We designed RavenDB to be a server side database, to be used to run large scale business applications. Surprisingly for us, there is a large group of users that have taken RavenDB and actually run it as part of their deployed systems. In other words, instead of having a single large RavenDB cluster they will typically deploy many (hundreds in the small cases, tens of thousands to millions in the large cases) of RavenDB instances across a wide variety of locations.
Part of that is the fact that RavenDB can be embedded inside an application quite easily. That means that we don’t need complex setup or administration. You can just use RavenDB from your application and everything Will Just Work. Another factor is the fact that you can run RavenDB on very low end machines, including 32 bits machines, ARM SoC, etc.
One use case was a point of sales system that had to spec out their hardware a decade in advanced and had to deal with existing installations that were still running hardware from 10 years ago (with little desire to upgrade). Another use case was deploying RavenDB as part of an industrial robot package, with RavenDB installed on a 32 bits ARM system on chip that control the robot.

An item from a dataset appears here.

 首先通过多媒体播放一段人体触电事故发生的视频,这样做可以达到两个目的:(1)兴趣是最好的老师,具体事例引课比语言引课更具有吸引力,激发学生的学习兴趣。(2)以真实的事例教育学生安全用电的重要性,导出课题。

That kind of deployment pattern lead to interesting requests. For example, several of our customers need ad hoc replication in a location. So all the nodes in a particular physical location will join together to a full mesh of replicated nodes. This gives us high availability in a particular location with any node in the network being able to service any request across the entire location. Boot up a new machine, wait a bit for the rest of the network to update it and you are good to go. This also helps when you consider your machines to be unreliable (because they are old, beaten down and generally minimally maintained).

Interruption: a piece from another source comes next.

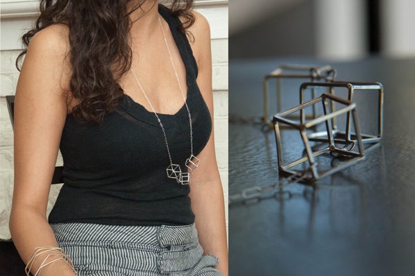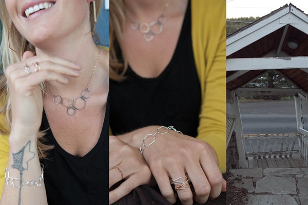 Butcher's love for airy, simple, three-dimensional shapes manifested into a collection of earrings, bracelets, and necklaces, dubbed Elaine B. The Denver native and VCU grad makes every piece herself, by hand, in a studio in downtown Charlottesville, but she's garnered plenty of fans in the D.C. area. And it's clear why: A hexagonal gold ring strikes the perfect balance between understated and interesting, while a necklace of 3D cubes feels elegant, yet thoroughly modern. We got a chance to chat with the designer and discuss her work, her future plans, and what she'd do with a dream day — prepare to be inspired!

Another scenario with the need for dynamic topologies is the deployment of RavenDB as set of independent nodes that need to report to some sort of head quarters. This is easy to do by defining external replication or ETL on the node and have it send all the relevant data to a central location for processing. This way, you get a cheap “always available” local node but can still have a global view of your data. I posted about something similar in the past, if you care for the details.
We are now looking for additional features to serve this kind of deployment. In particular, we are interested in making it easy to share data and generate analytics across widely distributed and separated set of instances. One of things that we are currently considering is some form of integration with the cloud. For example, consider Amazon Athena, which allow you to run analytics queries on files residing in S3. We can define ETL processes that would upload the data from RavenDB as it is changed on each individual node. This way, you have each node pushing data to the cloud and a central location that can run live analytics on the data.
What are your thoughts on this? And what other features do you think will serve this kind of scenario?